Did I mention I’m moody? I am. It’s true. I’m having a lot of sleep challenges since… well… I pretty nearly always have, at least as ‘always have’ as I can easily recollect.  Whole years have gone by without every getting an entire night’s sleep… now and then it’s nightmares, other times insomnia. Sleep and I have a difficult relationship. Lately it’s a terrible combination of restless, nightmare-filled sleep, and anxious sleepless nights interrupted by occasional longish naps that don’t restore my energy.  Annoying that mood management (both the relative ease of it, as well as the quality of the outcome) seems so closely tied to the quality and sufficiency of my sleep. I can’t really find a reason to be in a bad mood, but I can feel it lurking at the corners of my mouth, turning every effort at a smile into some grim suspicious visage that certainly isn’t bringing anyone any cheer around here. I feel… guarded. I hesitate to be open or vulnerable, or inadvertently be real enough, for just a moment, that the dike of my will power might give way to the tears crowding in line behind my eyes.  Fuck all these tears.  I angrily tell myself ‘I am so done with crying!’  Even though I know it is the angry bravado of fear, I lean on it like a cane for a moment, just to get past that feeling of teetering on a precipice.  There’s work to be done.

I do something nice for myself… I take a deep breath, ask a loved one for emotional support in a clear and simple way, uncluttered, unexplained – still trying to respect boundaries, and limits – feeling a bit like a tiny kitten seeking solace from a huge guard dog. Hoping for the best, trusting love, and finding that like so many things, the fear is far far scarier all by itself than any probable outcome.

What hurts me most on a day like this one, is that I can poke around in my experience and clearly recognize how loved I am, how much support I do have from my loved ones. I ache with shame and frustration that I feel so disconnected and wounded and alien.  I have a good life.  It’s rich with love, and Love, and beauty – we have a good home together, shared values and goals, and our necessities are covered… a good life.

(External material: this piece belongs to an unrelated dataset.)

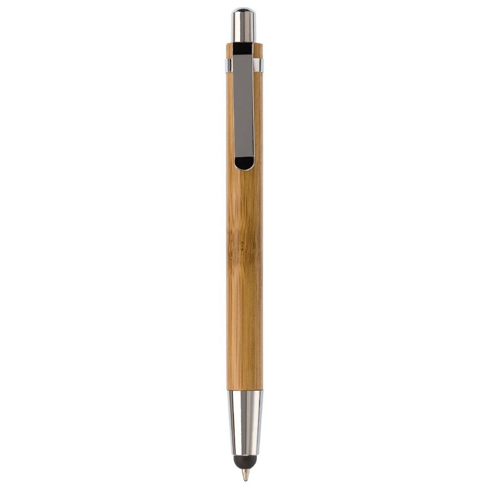 Elevate your brand with this sustainable bamboo ball pen, featuring a metallised pusher, tip, and metal clip for a premium feel. Equipped with a convenient stylus for touchscreen devices and a jumbo refill with black ink for extended writing performance (diameter: 12 mm).

It’s only my own very subjective experience with myself that sucks so completely, right now.  It gets ugly in here sometimes.

Walking in to the office today, I watched the sullen moody clouds of the morning sky and mused for a time how many times in my life I’ve watch stormy clouds with a stormy heart, tears on the edge of falling like the rain I know is in the distance.  It’s a familiar feeling, they are familiar thoughts, and they have a song.  If I had a soundtrack to my life, this would definitely be on it.  Especially this bit (credit to Pete Townsend):

On the dry and dusty road
The nights we spend apart alone
I need to get back home to cool, cool rain

I can’t sleep, and I lay, and I think
The night is hot and black as ink
Oh God, I need a drink of cool, cool rain

I need a new playlist.  One that focuses me, moves me forward, and helps me ‘rebuild the lost city’ (and no I can’t really explain what I mean, they’re just words being used to attempt to describe a feeling I don’t have a word for).  What would be on it? That’s a list for another day.